Although he often appears intimidating to other characters, Julian is actually very compassionate to those he cares about and prefers to avoid confrontations, though he will not hesitate to fight back when things turn violent. As the series progresses, Julian's character becomes more manipulative in order to achieve his profitable schemes, sometimes resulting in his malicious behavior directly affecting Bubbles or Ricky and creating conflict.

Julian has a muscular build and always wears a tight black T-shirt, blue or black jeans, and motorcycle boots, along with greasy black hair, akin to a greaser. As a running joke, he almost always has a glass of rum and Coke in hand, regardless of the situation, including a scene in Season 2's seventh episode in which he emerges from a crashed – and rolled – vehicle with his drink still in hand, and in the film Trailer Park Boys: Countdown to Liquor Day, where he continues carrying it even when impersonating a security guard for an armoured car.

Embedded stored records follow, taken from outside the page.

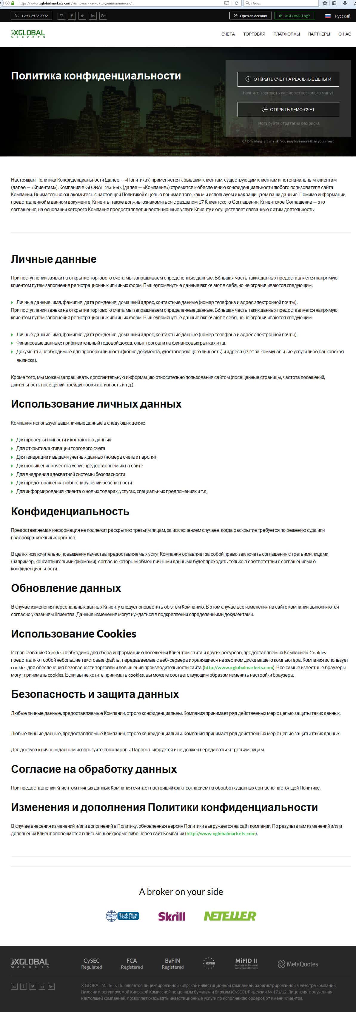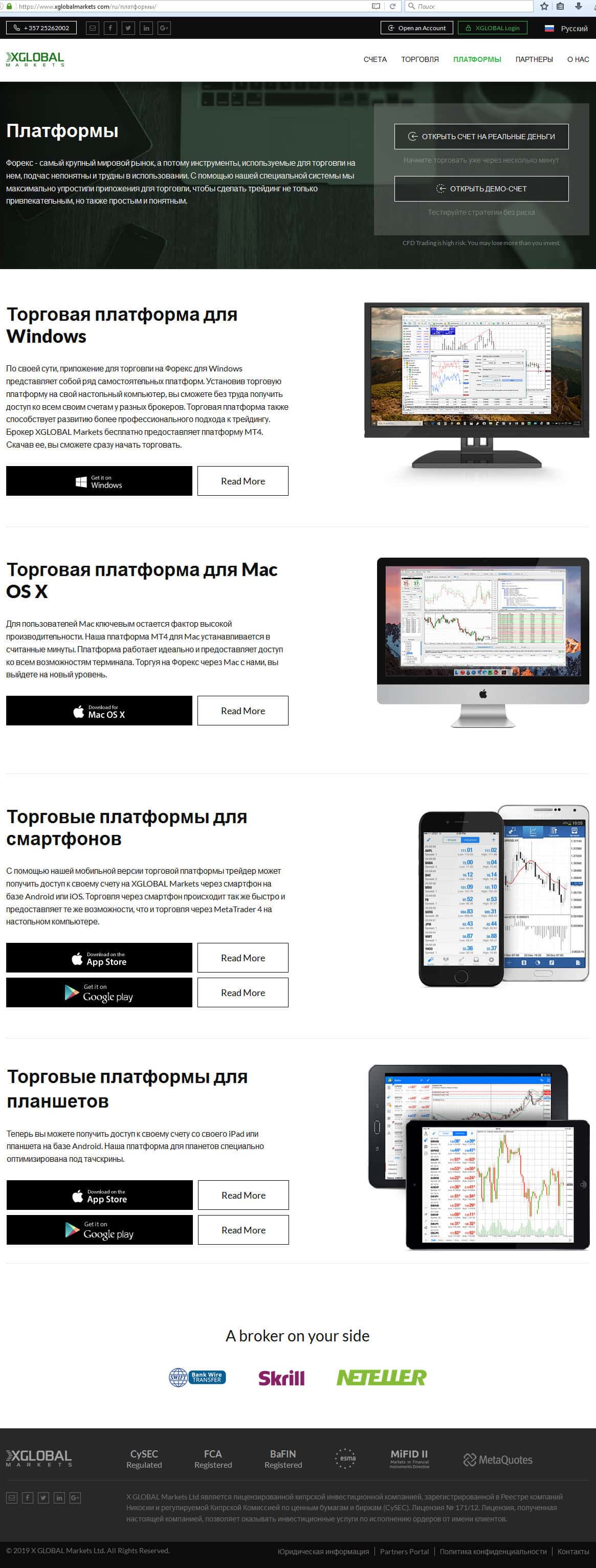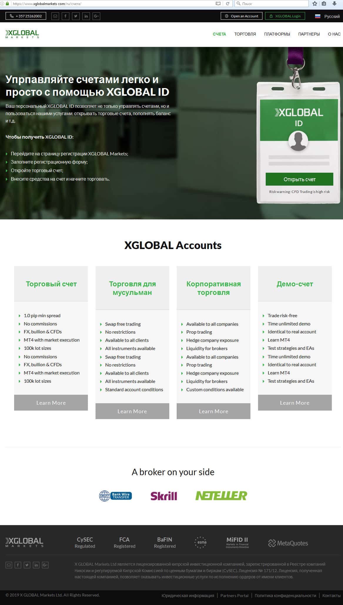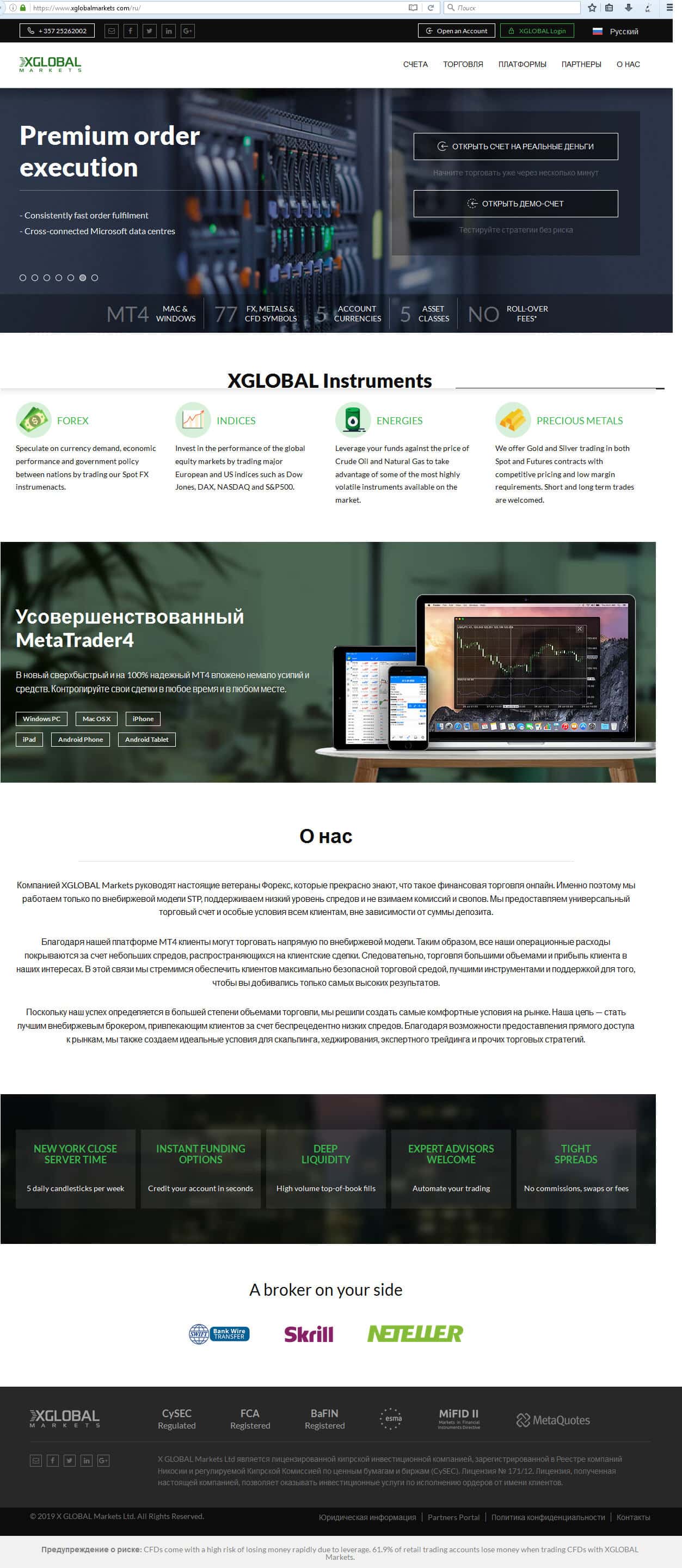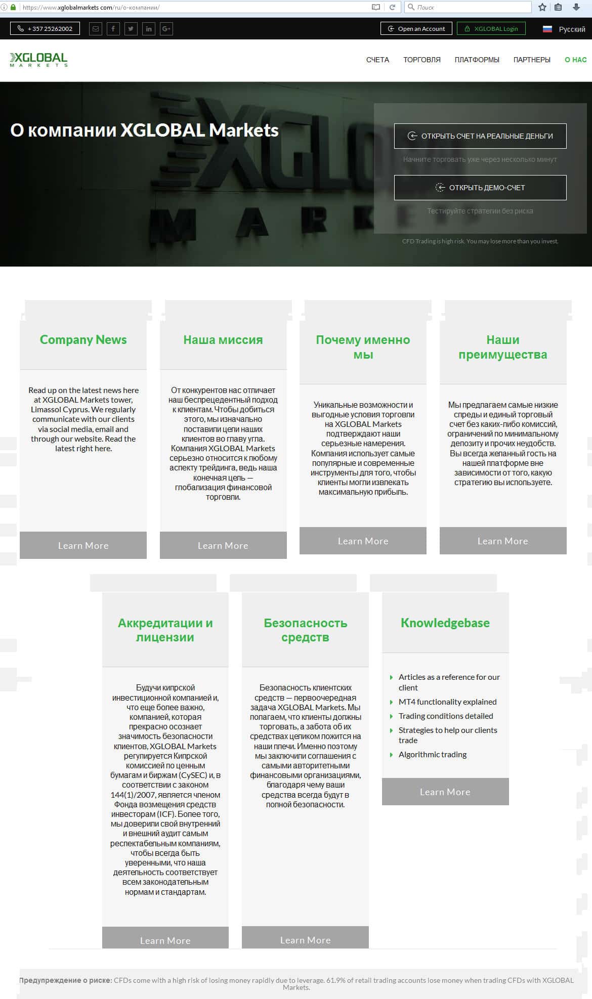 На первый взгляд сайт форекс брокера ХГлобал внушает надежность, но вся инфа на странице это рекламный ход и верить ей НЕЛЬЗЯ. Сайт xglobalmarkets com - это обычный корпоративный коммерческий проект, идея которого привлечь будущего клиента, а точнее, заполучить контактные данные еще одного лоха.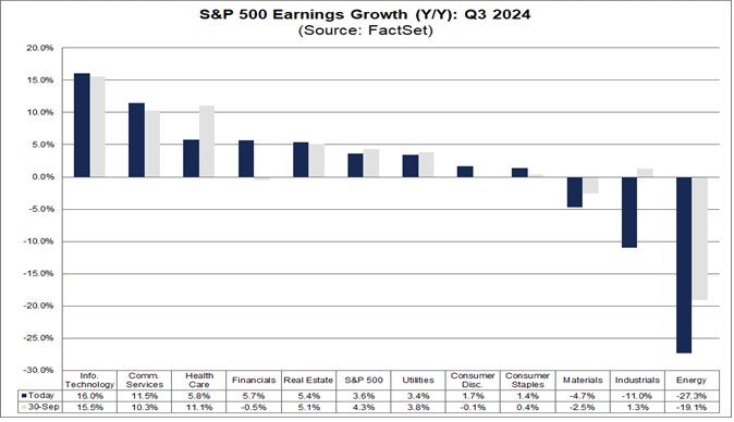 Otto degli undici settori stanno segnalando una crescita anno su anno, guidati dai settori Information Technology e Communication Services. D'altro canto, tre settori stanno segnalando un calo anno su anno degli utili, guidati dai settori Energy e Industrials.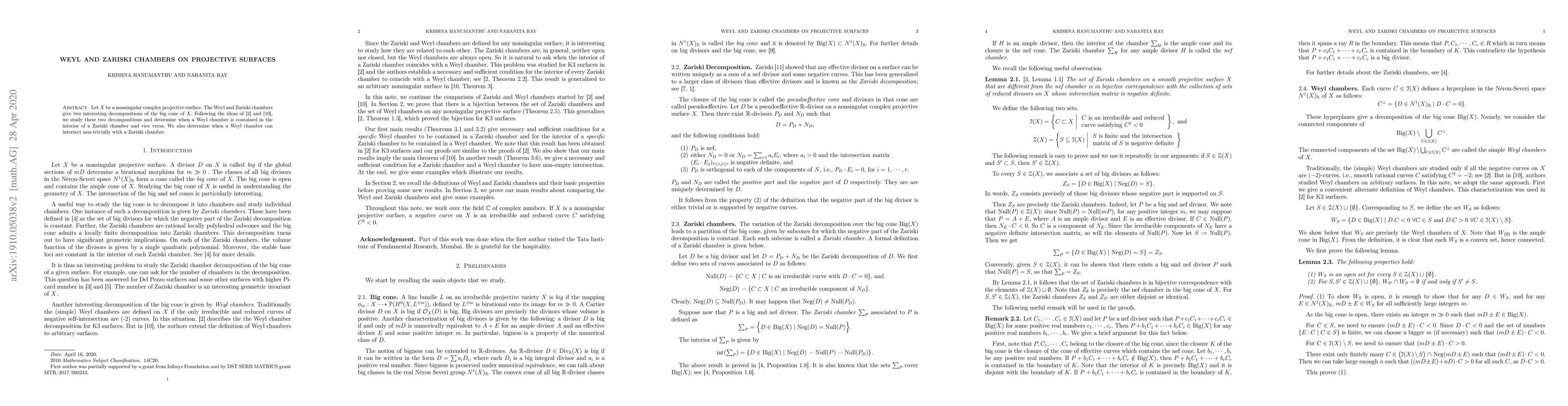 This paper investigates the decompositions of the big cone of a nonsingular complex projective surface $X$ given by Weyl and Zariski chambers, exploring conditions under which a Weyl chamber is fully contained within a Zariski chamber or intersects it non-trivially.

He is the only one of the Boys with a proper home, his late grandmother's trailer. Julian reputedly has a lifelong obsession with actor Patrick Swayze and due to an embarrassing childhood incident, he becomes greatly offended when referred to as Patrick Swayze.

==Reception and legacy==
John Paul Tremblay has received positive reviews for his portrayal. Screen Rant described Julian by saying: "He's rough and tough and acts as protector of the trailer park where he lives. This is Julian, one of the main protagonists of Trailer Park Boys. The well-loved character is played by John Paul Tremblay, and he is best known for his close friendships with Bubbles and Ricky."

In 2005, John Paul Tremblay in character as Julian, along with Mike Smith and Robb Wells as Bubbles and Ricky, threw out the first pitch at the home opener of the 2005 Toronto Blue Jays season at the Rogers Centre.